In Iran’s case, blocked assets are equivalent to assets as to which there is a contest of ownership. In the binary case envisioned by the executive order and regulations, the contest would arise when both Iran and the holder asserted ownership of the property at issue. The competing claims would keep the assets blocked until the contest was adjudicated, at which time it would be determined whether the property belonged to Iran and should be returned, or whether it belonged to the claimant, who could retain its possession. In this simple case, the trustee process defendants’ description of what happens is unexceptionable: property adjudicated to be Iran’s may be said (at that point) to be uncontestedly Iran’s and thus unblocked and thus returnable to Iran.

TRIA, however, envisions the possibility that property of Iran held in the United States might not be returned to Iran even where it might be adjudicated that, as between the holder and Iran alone, Iran has the superior claim. Under TRIA, a person holding a judgment against Iran based on a claim of an act of terrorism may be entitled to the property in satisfaction of that judgment, notwithstanding the absence of any contest between the actual holder and Iran. To conclude otherwise *420would be to negate TRIA’s remedy as to judgment creditors of Iran. TRIA permits judgment creditors to levy on blocked assets. With respect to Iran, blocked assets are by definition contested assets. Obviously, in order to succeed in the levy, the judgment creditor would have to establish that the property may be taken on execution because it belongs to the judgment debtor. The trustee process defendants’ position is that as soon as the levying creditor succeeds in establishing the property is eligible for execution under TRIA, it ceases to be eligible. Because that construction is so at odds with what Congress evidently intended in providing TRIA’s remedy to persons such as the plaintiffs, it cannot be accepted as a reasonable harmonization of whatever gap there is between TRIA and Exec. Order 12,281 and it regulations.

The next question is whether there is a qualifying “contest” sufficient to make the antiquities at issue here “blocked” under the regulations. The trustee process defendants deny the antiquities belong to Iran, but they also say that because Iran has never claimed them, there is no contest. Iran doesn’t want them; the plaintiffs do. The trustee process defendants argue that the plaintiffs’ claim that the properties belong to Iran is not enough to make their ownership “contested.” I disagree. A creditor’s assertion that property held by a putative trustee belongs to the debtor and may be taken by the creditor for application against the debt is fundamental to trustee process under Mass. Gen. Laws ch. 246. Accordingly, just as Iran’s direct assertion of its ownership of the antiquities would create a duty that the holder either return the antiquities or contest ownership, see 31 C.F.R. §§ 535.215, 535.333, so too is this duty created when a judgment creditor asserts Iran’s ownership under TRIA.

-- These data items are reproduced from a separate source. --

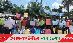 মানববন্ধন শেষে উপজেলার বিভিন্ন শিক্ষা প্রতিষ্ঠানের শিক্ষার্থীরা প্রতিবাদ সমাবেশ করতে চাইলে পুলিশের মৌখিক বাধায় তারা বঙ্গবন্ধু চত্ত¡রের সামনে থেকে সড়ে গিয়ে মুক্তিযোদ্ধা স্মৃতিবিদ্যা নিকেতনের সামনে সংক্ষিপ্ত প্রতিবাদ সমাবেশ করেন। এ সময় বক্তরা সারা দেশে চলমান কোটা সংস্কারের পক্ষে আন্দোলনের পক্ষে বিভিন্ন যুক্তি তুলে ধরেন।
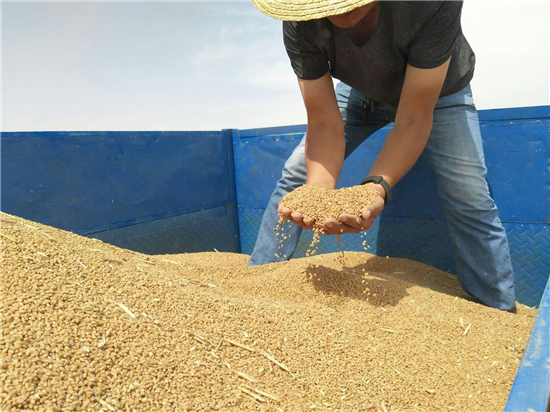 今年3月以來,本報(bào)持續(xù)關(guān)注這種中藥肥料使用效果,并到多塊麥田現(xiàn)場采訪。麥?zhǔn)占?,記者再次來到商水縣,了解經(jīng)中藥肥料噴施小麥的收成情況。
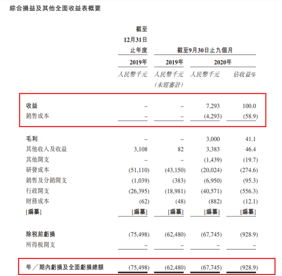 值得注意的是,心玮医疗在2020年才开始营收。招股书心玮医疗的收益一栏,仅只有截至2020年9月30日的数据,2019年同期,甚至2019年全年并没有收益和销售成本。

The regulations implementing Exec. Order 12,281 provide that a property interest is “contested,” and therefore blocked, “only if the holder thereof reasonably believes that Iran does not have title or has only partial title to the asset” and that “such a belief may be considered reasonable only if it is based upon a bona fide opinion, in writing, of an attorney ... stating that Iran does not have title or has only partial title to the asset.” See 31 C.F.R. § 535.333(c). The trustee process defendants argue that because they do not possess a written opinion of an attorney as required by 31 C.F.R. § 535.333(c), their belief that Iran does not own the antiquities is not “reasonable” and therefore the antiquities are “uncontested” assets that were unblocked by Exec. Order No. 12,-281. See 31 C.F.R. § 535.333(a).

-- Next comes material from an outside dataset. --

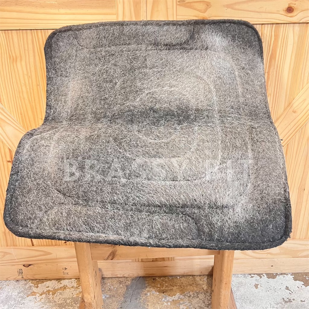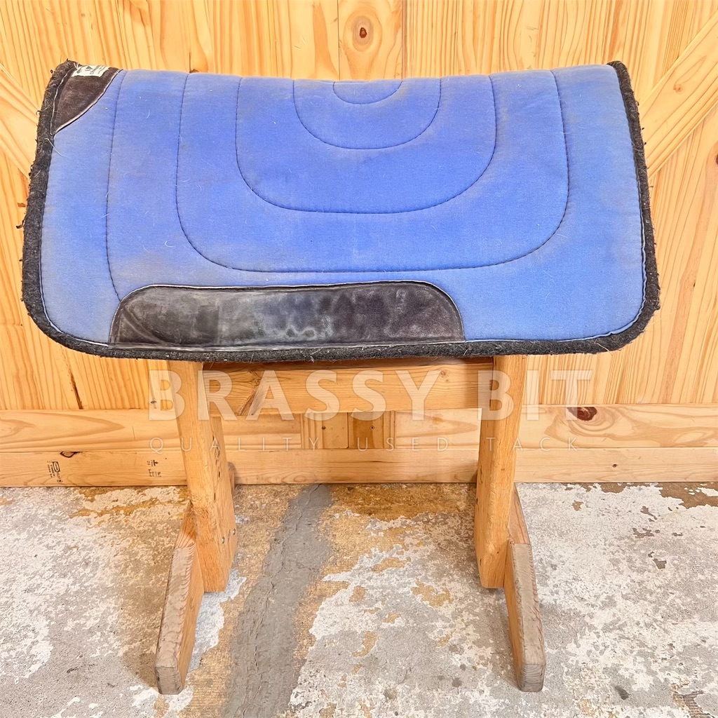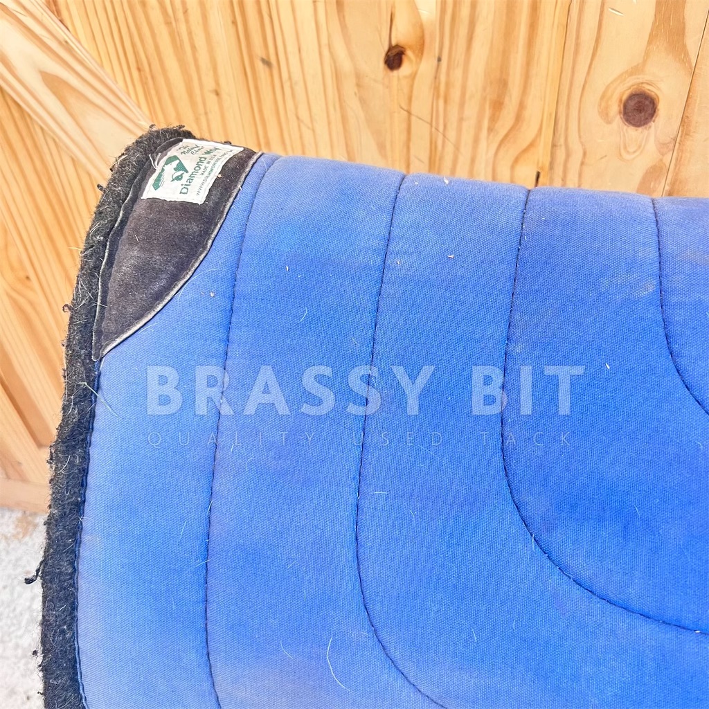 Here is a very nice saddle pad from Diamond Wool, proving you can have quality American made tack without an insane price tag. 28″ x 30″ x 7/8″. Durable canvas topside with felted wool underside. Square/full skirt style, in blue with heavy leather wear bars. This pad is in very good used condition and well maintained. Has not yet been washed this season so would benefit from a stiff brush or wash. These pads last!
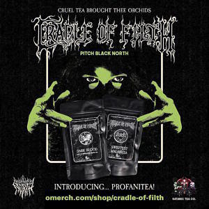 Der geeignetste Partner für solch eine dunkle Teesorte ist natürlich die „Satanic Tea Company“ Pitch Black North, die bereits seit drei Jahren mit skurrilen Teesorten handelt. Mit keckem Wortwitz werden die beiden Cradle Of Filth-Tees unter dem Banner „Cruel Tea Brought Thee Orchids“ vorgestellt. Eine Anspielung an den 1998er-CRUELTY AND THE BEAST-Track ‘Cruelty Brought Thee Orchids’. Die Sorten der Black-Metaller nennen sich passenderweise „Dark Blood“ und „Sweetest Maleficia“.

The plaintiffs argue that the pleadings in this action suffice for such a written opinion. This argument is appealing because it prevents the oddity of the trustee process defendants arguing that they own the antiquities while at the same time arguing that their belief that they own the antiquities is not a reasonable one. However, it is apparent that by requiring a “bona fide opinion, in writing, of an attorney licensed to practice within the United States stating that Iran does not have title or has only partial title to the asset,” the regulations require something more than pleadings in litigation which can, for example, include a “nonfrivolous argument for extending, modifying, or reversing existing law or for establishing new law.” See Fed.R.Civ.P. 11(b)(2).

The plaintiffs make a more persuasive argument that the trustee process defendants cannot rely on their lack of a written opinion because it is their statutory duty under 31 C.F.R. § 535.333(c) to obtain one, and a party cannot profit from its own failure to perform a duty. See e.g., Glus v. *421Brooklyn Eastern. Dist. Terminal, 359 U.S. 231, 232-233, 79 S.Ct. 760, 3 L.Ed.2d 770 (1959) (“To decide the ease we need look no further than the maxim that no man may take advantage of his own wrong. Deeply rooted in our jurisprudence this principle has been applied in many diverse classes of cases by both law and equity courts_”). I agree with the plaintiffs that a holder cannot rely on its own failure to obtain an opinion as a basis for asserting that Iran’s interest is therefore uncontested so that the holder can keep the property exempt from levy.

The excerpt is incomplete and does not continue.